Doctor of Philosophy

Major

History

Major Professor

Vejas G. Liulevicius

Committee Members

Denise Phillips, Monica Black, Adrian Del Caro

Abstract

As the First World War ended, the German-Danish borderland of Schleswig-Holstein was in turmoil as activists across the cultural and political spectrum presented competing incompatible visions of Schleswig-Holstein’s future. These activists reflected the global moment of the post-war era, where countless communities in Europe’s borderlands had to grapple with the language of the liberal democrat U.S. President Woodrow Wilson. This dissertation examines Schleswig-Holstein from when the German Empire annexed the region in 1864 until the 1920 Schleswig Plebiscite (plebiscite) that returned part of the area to Denmark. Scholars view the plebiscite as a natural conclusion to the Schleswig Question, as inhabitants voted on a border that mirrored the distribution of language spoken. However, many scholars neglected the role of national indifference (local inhabitants rejecting national association) and Wilsonianism, the ideas associated with Woodrow Wilson, including self-determination and popular sovereignty, in the plebiscite's outcome.

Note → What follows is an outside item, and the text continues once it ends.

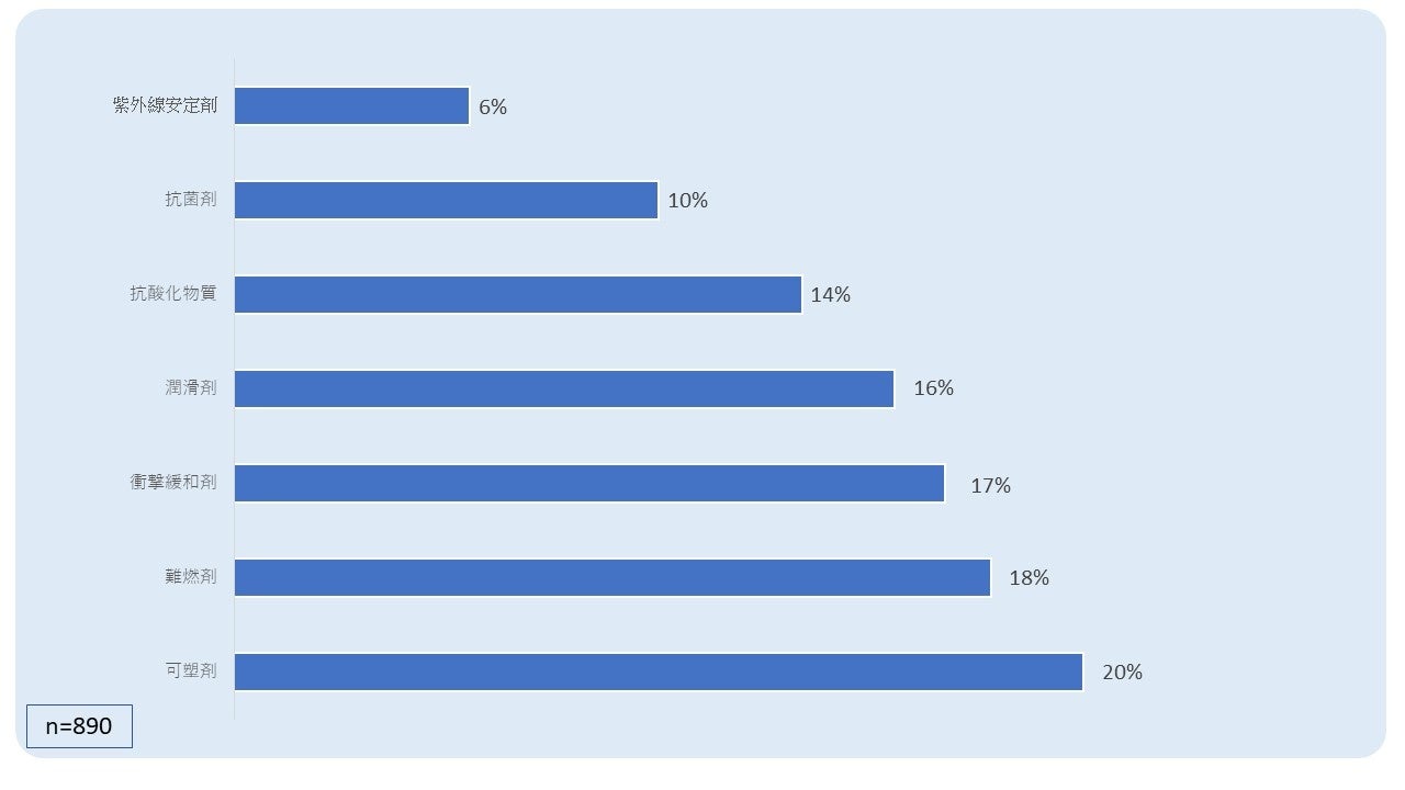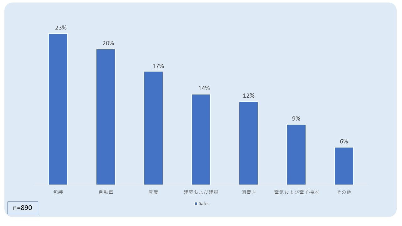 - この調査では、プラスチック添加剤の主な用途についても調査しました。これは、プラスチック添加剤が、包装材料の耐久性、柔軟性、総合的な性能を向上させるために不可欠な役割を果たしていることを表しています。また、「自動車」(20.2%)、「農業」(16.9%)なども挙げられ、幅広い産業でプラスチック添加剤の利用が進んでいます。

Analysis of this region from a transnational and transatlantic perspective remedies this neglect. It uses newspapers, civic association and government records, and diaries and correspondence from German, Danish, and American archives to provide a complete picture of Schleswig-Holstein under the German Empire. Research into the diffusion of Wilsonian rhetoric into the Schleswigian community and the crucial role of the diaspora communities in the U.S. provides an improved picture of the Danish-German conflict. The revolutionary introduction of Wilsonian ideas in 1920 jolted many Schleswigers out of their preferred spectrum of national belonging as they tried to blend pre-war identities with the post-plebiscite Danish or German national tribe. In examining the long-nineteenth century through the lens of this German-Danish borderland, this work advances our comprehension of the complexities, especially concerning the sense of regional belonging involved in constructing German and Danish identity and the relationship between conflict and community formation.